In the early 1960s, in the meantime, something extraordinary happened in the USSR. The samizdat was born, which was a technique for transmitting texts, a kind of “grapevine” that paid no heed to State censorship and launched a password, “Living without lies,” reaffirming the centrality of the person and of his freedom and dignity rooted in the mystery of Being. It goes without saying that from then on, Fr Scalfi was one of the major points of reference and sounding boards for samizdats in the West, and he gave himself totally to making their voices heard as loudly as possible, to the point that the regime had the brilliant idea of declaring him persona non grata, forbidding him entrance to Russia for almost twenty years.

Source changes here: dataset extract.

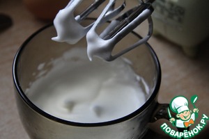 В другой посуде взбить белок с щепоткой соли до твердых пиков.

Finally he can work in his “fatherland”!
And then, at the end of the 1980s, came perestrojka. The paradox is that with Gorbachev’s “transparency” and Eltsin’s “democratization,” many Western centers operating for Russia were forced to close their doors, because they had exhausted their mission; protests and exposures were now superfluous. Fr Scalfi, on the other hand, did not hesitate an instant–the time had finally come to give concrete shape to a friendship lived for twenty years as a long-distance one! Even if this meant starting out again and in a different key, the important thing was to work to recompense the Russian friends for the gifts they had given us in so many years of courageous witness, by offering them our experience of the Church. “Your faith has moved mountains!” an Italian Bishop said to the newly named Russian Catholic Bishops in 1991, and one of them replied, “Yes, but now what is left there is a great desert!” And the desert was above all the humanity that was waiting for the encounter with a presence, because the regime had had the astuteness to allow a faith reduced to ritual, to a system of thought, while it did not tolerate experiences of lived life, of communion.
Fr Scalfi’s latest gift to the Russian church is the Library of the Spirit, founded in Moscow in 1993 together with Catholic and Orthodox friends: a cultural, publishing and book distribution center that reproposes today, a few steps from the Kremlin, the very bridge dreamed of, and then tenaciously built in Russia and in the whole world, by two young priest friends fifty years ago on the outskirts of Milan.